• _Work to complete_
Starting from the line that holds "10%,超出市場預(yù)期 9.2 萬元。", output exactly each line through the end of the listing. Do not copy pictures.

• _Information_
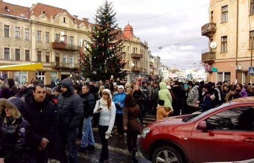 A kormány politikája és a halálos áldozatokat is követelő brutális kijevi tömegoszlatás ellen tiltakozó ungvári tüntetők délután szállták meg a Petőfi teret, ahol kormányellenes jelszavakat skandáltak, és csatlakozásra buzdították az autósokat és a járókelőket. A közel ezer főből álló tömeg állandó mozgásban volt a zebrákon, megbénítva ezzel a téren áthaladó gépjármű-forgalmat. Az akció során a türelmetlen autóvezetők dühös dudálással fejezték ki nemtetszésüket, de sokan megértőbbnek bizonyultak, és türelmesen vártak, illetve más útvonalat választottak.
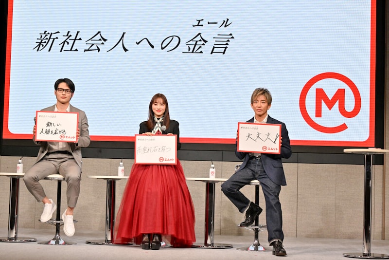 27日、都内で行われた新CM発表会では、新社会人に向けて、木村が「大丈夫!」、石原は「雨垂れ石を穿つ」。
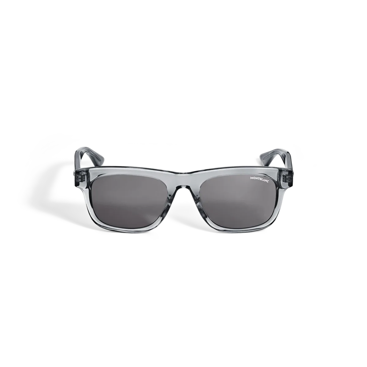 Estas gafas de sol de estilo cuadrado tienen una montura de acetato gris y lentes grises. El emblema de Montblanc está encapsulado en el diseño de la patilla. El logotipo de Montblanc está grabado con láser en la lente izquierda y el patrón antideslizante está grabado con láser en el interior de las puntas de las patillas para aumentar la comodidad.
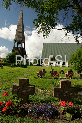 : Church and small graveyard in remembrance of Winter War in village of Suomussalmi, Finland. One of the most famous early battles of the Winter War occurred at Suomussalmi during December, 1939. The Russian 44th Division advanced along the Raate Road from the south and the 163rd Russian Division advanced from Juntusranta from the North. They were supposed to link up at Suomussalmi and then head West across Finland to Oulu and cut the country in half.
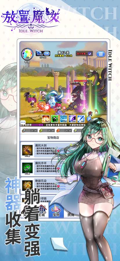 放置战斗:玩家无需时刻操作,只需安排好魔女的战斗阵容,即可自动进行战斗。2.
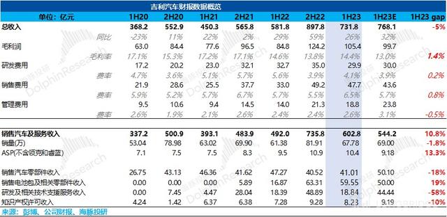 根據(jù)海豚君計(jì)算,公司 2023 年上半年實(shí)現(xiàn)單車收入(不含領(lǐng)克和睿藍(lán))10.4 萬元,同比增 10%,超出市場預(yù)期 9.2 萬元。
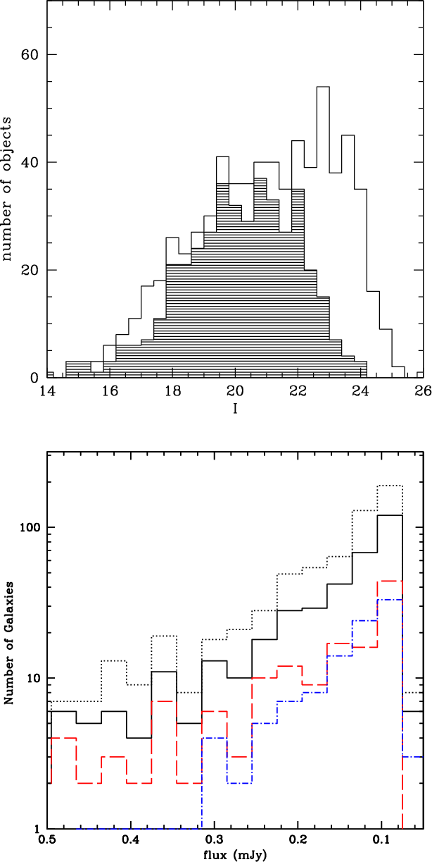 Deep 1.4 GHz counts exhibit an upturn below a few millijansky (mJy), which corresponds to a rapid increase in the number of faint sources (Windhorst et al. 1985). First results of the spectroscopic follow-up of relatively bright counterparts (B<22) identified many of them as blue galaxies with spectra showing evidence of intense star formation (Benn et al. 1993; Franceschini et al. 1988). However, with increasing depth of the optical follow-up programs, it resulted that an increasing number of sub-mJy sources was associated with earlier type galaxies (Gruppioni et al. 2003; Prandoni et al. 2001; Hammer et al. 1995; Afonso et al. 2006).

• _Answer box_
 根據(jù)海豚君計(jì)算,公司 2023 年上半年實(shí)現(xiàn)單車收入(不含領(lǐng)克和睿藍(lán))10.4 萬元,同比增 10%,超出市場預(yù)期 9.2 萬元。
 Deep 1.4 GHz counts exhibit an upturn below a few millijansky (mJy), which corresponds to a rapid increase in the number of faint sources (Windhorst et al. 1985). First results of the spectroscopic follow-up of relatively bright counterparts (B<22) identified many of them as blue galaxies with spectra showing evidence of intense star formation (Benn et al. 1993; Franceschini et al. 1988). However, with increasing depth of the optical follow-up programs, it resulted that an increasing number of sub-mJy sources was associated with earlier type galaxies (Gruppioni et al. 2003; Prandoni et al. 2001; Hammer et al. 1995; Afonso et al. 2006).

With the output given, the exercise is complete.